● Excerpts from a dataset
☆ ☆ ☆

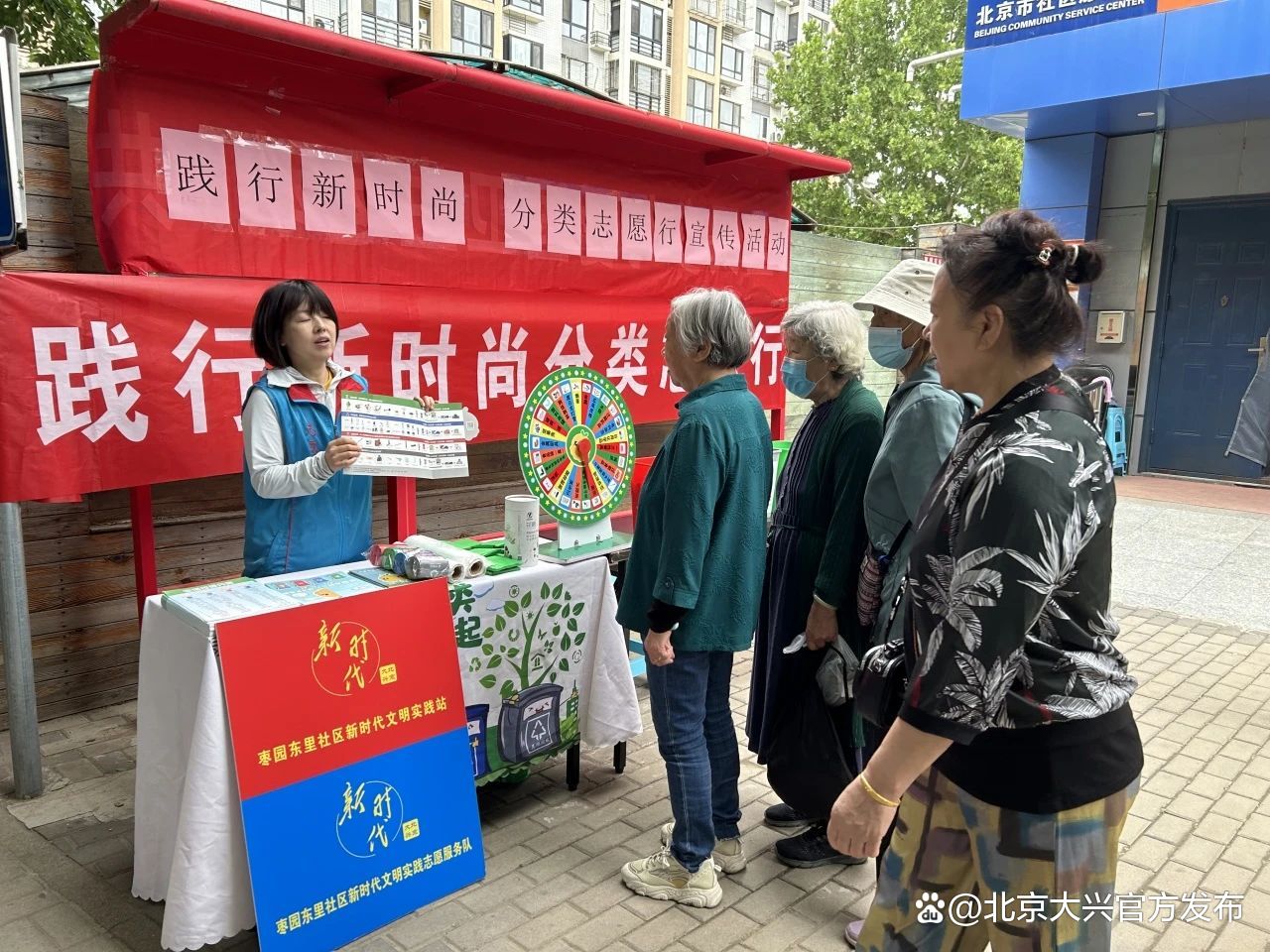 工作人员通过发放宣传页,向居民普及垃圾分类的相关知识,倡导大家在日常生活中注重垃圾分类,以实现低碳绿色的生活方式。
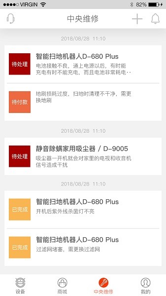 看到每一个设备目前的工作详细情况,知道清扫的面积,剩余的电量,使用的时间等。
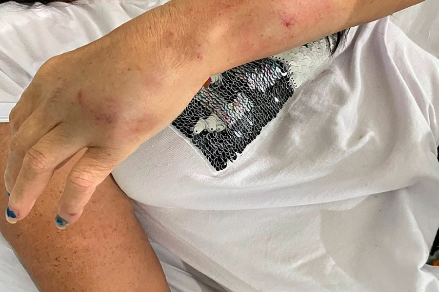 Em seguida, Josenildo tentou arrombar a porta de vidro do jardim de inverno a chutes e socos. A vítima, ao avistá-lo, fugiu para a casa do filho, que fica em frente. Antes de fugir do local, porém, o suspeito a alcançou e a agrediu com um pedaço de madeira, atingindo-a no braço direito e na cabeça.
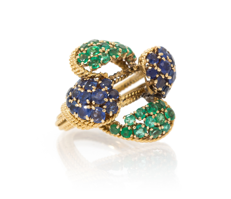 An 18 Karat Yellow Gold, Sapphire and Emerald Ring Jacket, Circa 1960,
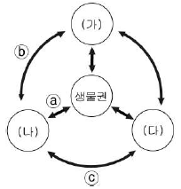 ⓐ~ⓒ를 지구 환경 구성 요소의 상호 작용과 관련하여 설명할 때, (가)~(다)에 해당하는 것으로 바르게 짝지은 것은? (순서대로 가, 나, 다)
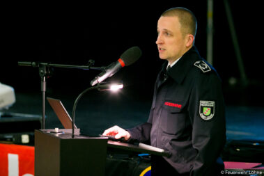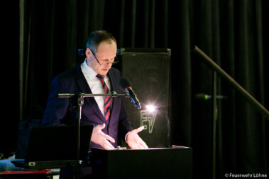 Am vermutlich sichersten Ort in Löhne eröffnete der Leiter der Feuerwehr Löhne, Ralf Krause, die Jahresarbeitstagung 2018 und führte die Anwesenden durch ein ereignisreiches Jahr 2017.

☆ ☆ ☆

● Task to complete
Each line from the one bearing "(순서대로 가, 나, 다)" through the final line of the records is to be copied exactly, and no pictures are to be included.

● Written reply
 ⓐ~ⓒ를 지구 환경 구성 요소의 상호 작용과 관련하여 설명할 때, (가)~(다)에 해당하는 것으로 바르게 짝지은 것은? (순서대로 가, 나, 다)
 Am vermutlich sichersten Ort in Löhne eröffnete der Leiter der Feuerwehr Löhne, Ralf Krause, die Jahresarbeitstagung 2018 und führte die Anwesenden durch ein ereignisreiches Jahr 2017.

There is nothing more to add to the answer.